Data shown –
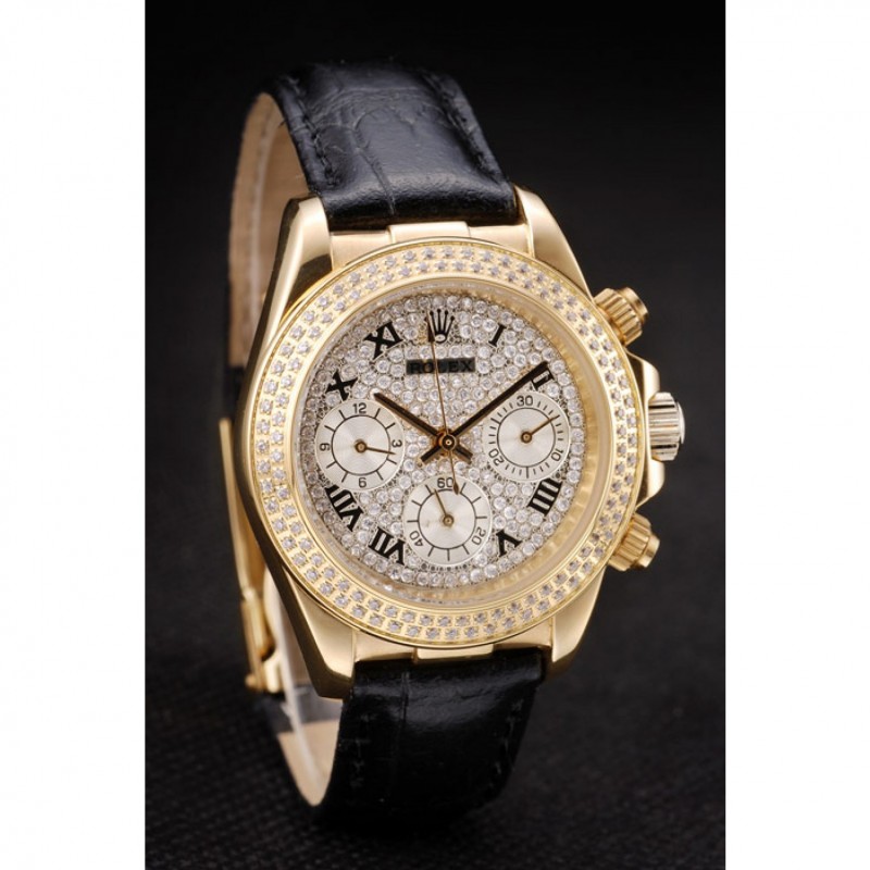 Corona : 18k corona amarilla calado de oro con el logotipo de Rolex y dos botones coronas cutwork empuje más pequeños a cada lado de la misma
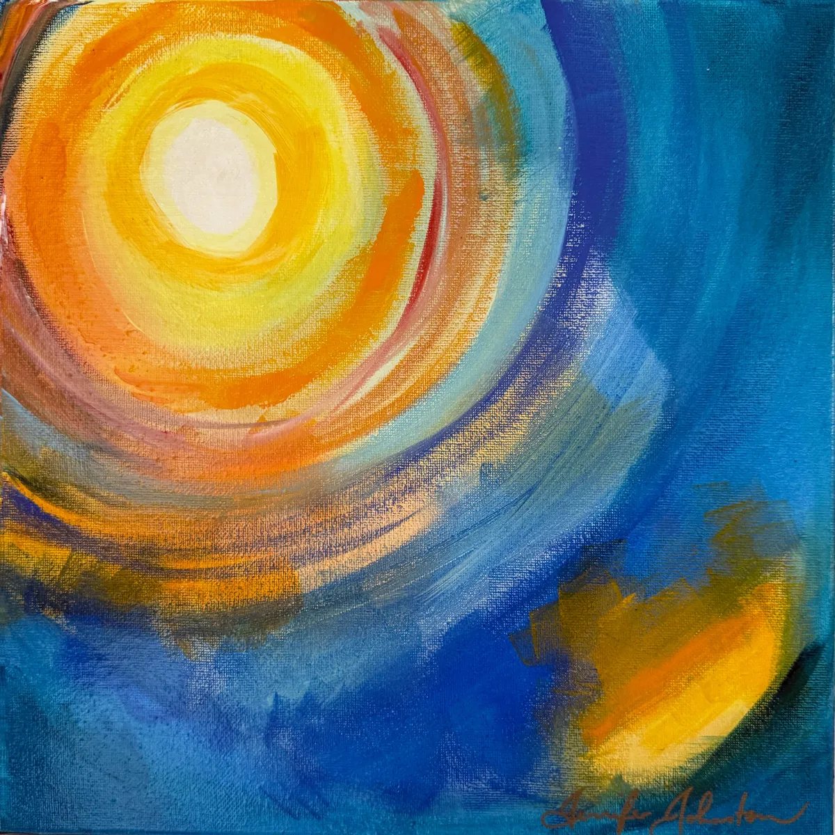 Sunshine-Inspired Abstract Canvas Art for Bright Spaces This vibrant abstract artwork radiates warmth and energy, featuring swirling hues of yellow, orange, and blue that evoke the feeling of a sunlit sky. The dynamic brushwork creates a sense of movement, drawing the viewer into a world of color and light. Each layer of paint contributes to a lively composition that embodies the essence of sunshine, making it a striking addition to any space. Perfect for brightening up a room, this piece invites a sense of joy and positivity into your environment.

---

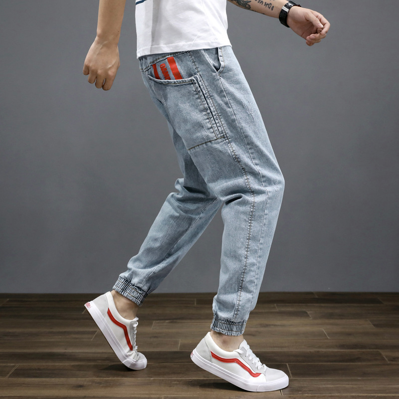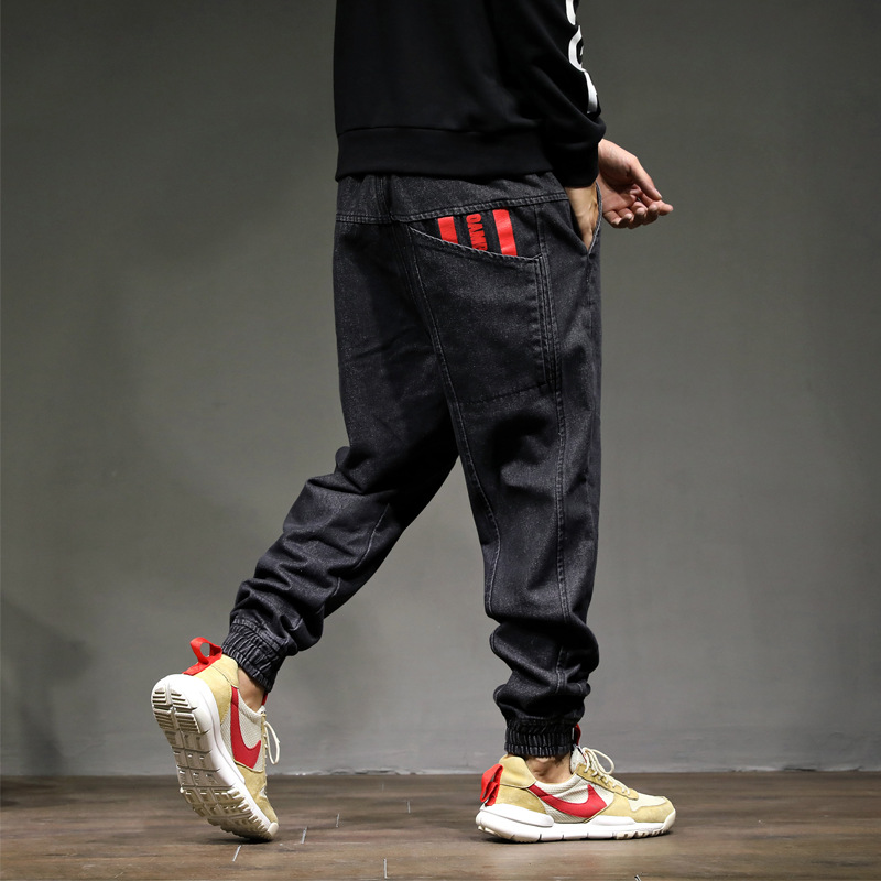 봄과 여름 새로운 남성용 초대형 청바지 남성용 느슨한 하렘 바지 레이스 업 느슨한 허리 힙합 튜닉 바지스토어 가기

Description of the task –
Without the pictures, give again exactly the lines above starting at the line containing "Corona : 18k" and ending at the line containing "Sunshine-Inspired Abstract Canvas".

Result of this task –
 Corona : 18k corona amarilla calado de oro con el logotipo de Rolex y dos botones coronas cutwork empuje más pequeños a cada lado de la misma
 Sunshine-Inspired Abstract Canvas Art for Bright Spaces This vibrant abstract artwork radiates warmth and energy, featuring swirling hues of yellow, orange, and blue that evoke the feeling of a sunlit sky. The dynamic brushwork creates a sense of movement, drawing the viewer into a world of color and light. Each layer of paint contributes to a lively composition that embodies the essence of sunshine, making it a striking addition to any space. Perfect for brightening up a room, this piece invites a sense of joy and positivity into your environment.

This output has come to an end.